__AIM OF THE TASK__: The reply should hold every line of the listing exactly, and none of its images.

__MATERIAL PROVIDED__:
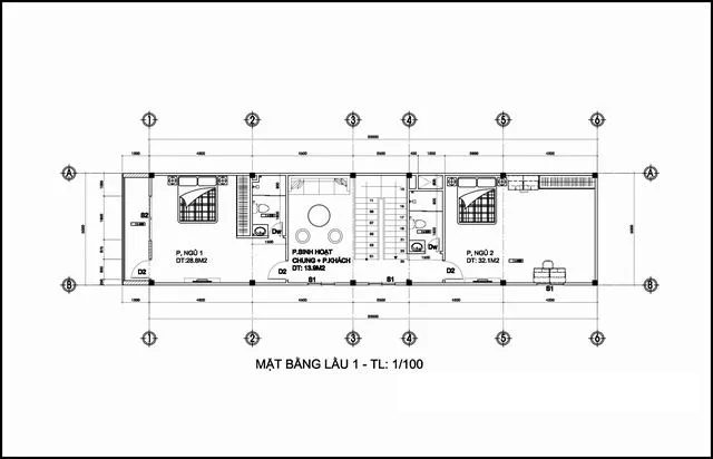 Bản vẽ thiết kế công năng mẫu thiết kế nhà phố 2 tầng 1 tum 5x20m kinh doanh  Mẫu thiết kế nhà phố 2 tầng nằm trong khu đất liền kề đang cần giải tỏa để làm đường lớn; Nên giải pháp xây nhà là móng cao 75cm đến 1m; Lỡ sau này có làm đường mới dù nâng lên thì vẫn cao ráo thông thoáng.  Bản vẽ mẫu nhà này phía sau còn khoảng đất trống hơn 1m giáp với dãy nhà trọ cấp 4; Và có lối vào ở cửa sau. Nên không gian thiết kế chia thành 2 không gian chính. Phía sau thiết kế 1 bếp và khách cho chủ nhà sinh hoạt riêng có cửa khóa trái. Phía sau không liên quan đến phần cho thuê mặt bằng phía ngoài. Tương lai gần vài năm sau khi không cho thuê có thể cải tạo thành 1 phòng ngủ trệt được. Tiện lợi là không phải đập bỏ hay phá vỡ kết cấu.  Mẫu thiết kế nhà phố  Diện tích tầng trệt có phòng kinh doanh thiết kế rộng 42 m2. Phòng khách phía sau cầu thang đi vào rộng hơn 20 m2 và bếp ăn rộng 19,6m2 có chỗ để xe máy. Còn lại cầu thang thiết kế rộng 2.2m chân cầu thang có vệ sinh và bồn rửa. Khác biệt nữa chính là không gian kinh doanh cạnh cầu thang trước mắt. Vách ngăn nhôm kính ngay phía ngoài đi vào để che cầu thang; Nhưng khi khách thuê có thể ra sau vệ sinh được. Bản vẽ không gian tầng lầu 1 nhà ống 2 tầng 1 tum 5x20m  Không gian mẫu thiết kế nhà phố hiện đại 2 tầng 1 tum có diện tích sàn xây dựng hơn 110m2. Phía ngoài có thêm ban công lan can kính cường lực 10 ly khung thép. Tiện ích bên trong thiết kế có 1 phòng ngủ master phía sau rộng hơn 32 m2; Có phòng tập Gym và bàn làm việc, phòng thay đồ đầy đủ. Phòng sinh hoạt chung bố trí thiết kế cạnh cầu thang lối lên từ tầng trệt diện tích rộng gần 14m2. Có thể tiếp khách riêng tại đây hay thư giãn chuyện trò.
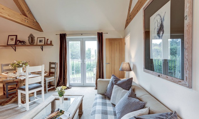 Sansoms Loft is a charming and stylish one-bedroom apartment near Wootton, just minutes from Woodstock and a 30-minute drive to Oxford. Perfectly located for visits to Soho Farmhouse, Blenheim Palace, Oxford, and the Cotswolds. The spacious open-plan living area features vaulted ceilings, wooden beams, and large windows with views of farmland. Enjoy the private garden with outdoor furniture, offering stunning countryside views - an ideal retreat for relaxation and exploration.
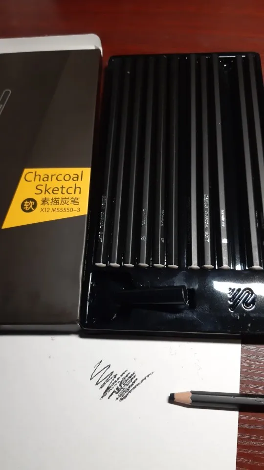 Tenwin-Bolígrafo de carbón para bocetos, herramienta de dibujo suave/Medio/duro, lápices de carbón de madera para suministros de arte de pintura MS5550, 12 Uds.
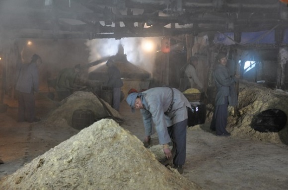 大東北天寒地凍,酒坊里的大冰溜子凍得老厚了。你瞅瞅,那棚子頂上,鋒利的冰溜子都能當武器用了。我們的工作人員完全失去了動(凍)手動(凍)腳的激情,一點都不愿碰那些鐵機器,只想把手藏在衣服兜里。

__RESULT FOR THIS TASK__:
 Bản vẽ thiết kế công năng mẫu thiết kế nhà phố 2 tầng 1 tum 5x20m kinh doanh  Mẫu thiết kế nhà phố 2 tầng nằm trong khu đất liền kề đang cần giải tỏa để làm đường lớn; Nên giải pháp xây nhà là móng cao 75cm đến 1m; Lỡ sau này có làm đường mới dù nâng lên thì vẫn cao ráo thông thoáng.  Bản vẽ mẫu nhà này phía sau còn khoảng đất trống hơn 1m giáp với dãy nhà trọ cấp 4; Và có lối vào ở cửa sau. Nên không gian thiết kế chia thành 2 không gian chính. Phía sau thiết kế 1 bếp và khách cho chủ nhà sinh hoạt riêng có cửa khóa trái. Phía sau không liên quan đến phần cho thuê mặt bằng phía ngoài. Tương lai gần vài năm sau khi không cho thuê có thể cải tạo thành 1 phòng ngủ trệt được. Tiện lợi là không phải đập bỏ hay phá vỡ kết cấu.  Mẫu thiết kế nhà phố  Diện tích tầng trệt có phòng kinh doanh thiết kế rộng 42 m2. Phòng khách phía sau cầu thang đi vào rộng hơn 20 m2 và bếp ăn rộng 19,6m2 có chỗ để xe máy. Còn lại cầu thang thiết kế rộng 2.2m chân cầu thang có vệ sinh và bồn rửa. Khác biệt nữa chính là không gian kinh doanh cạnh cầu thang trước mắt. Vách ngăn nhôm kính ngay phía ngoài đi vào để che cầu thang; Nhưng khi khách thuê có thể ra sau vệ sinh được. Bản vẽ không gian tầng lầu 1 nhà ống 2 tầng 1 tum 5x20m  Không gian mẫu thiết kế nhà phố hiện đại 2 tầng 1 tum có diện tích sàn xây dựng hơn 110m2. Phía ngoài có thêm ban công lan can kính cường lực 10 ly khung thép. Tiện ích bên trong thiết kế có 1 phòng ngủ master phía sau rộng hơn 32 m2; Có phòng tập Gym và bàn làm việc, phòng thay đồ đầy đủ. Phòng sinh hoạt chung bố trí thiết kế cạnh cầu thang lối lên từ tầng trệt diện tích rộng gần 14m2. Có thể tiếp khách riêng tại đây hay thư giãn chuyện trò.
 Sansoms Loft is a charming and stylish one-bedroom apartment near Wootton, just minutes from Woodstock and a 30-minute drive to Oxford. Perfectly located for visits to Soho Farmhouse, Blenheim Palace, Oxford, and the Cotswolds. The spacious open-plan living area features vaulted ceilings, wooden beams, and large windows with views of farmland. Enjoy the private garden with outdoor furniture, offering stunning countryside views - an ideal retreat for relaxation and exploration.
 Tenwin-Bolígrafo de carbón para bocetos, herramienta de dibujo suave/Medio/duro, lápices de carbón de madera para suministros de arte de pintura MS5550, 12 Uds.
 大東北天寒地凍,酒坊里的大冰溜子凍得老厚了。你瞅瞅,那棚子頂上,鋒利的冰溜子都能當武器用了。我們的工作人員完全失去了動(凍)手動(凍)腳的激情,一點都不愿碰那些鐵機器,只想把手藏在衣服兜里。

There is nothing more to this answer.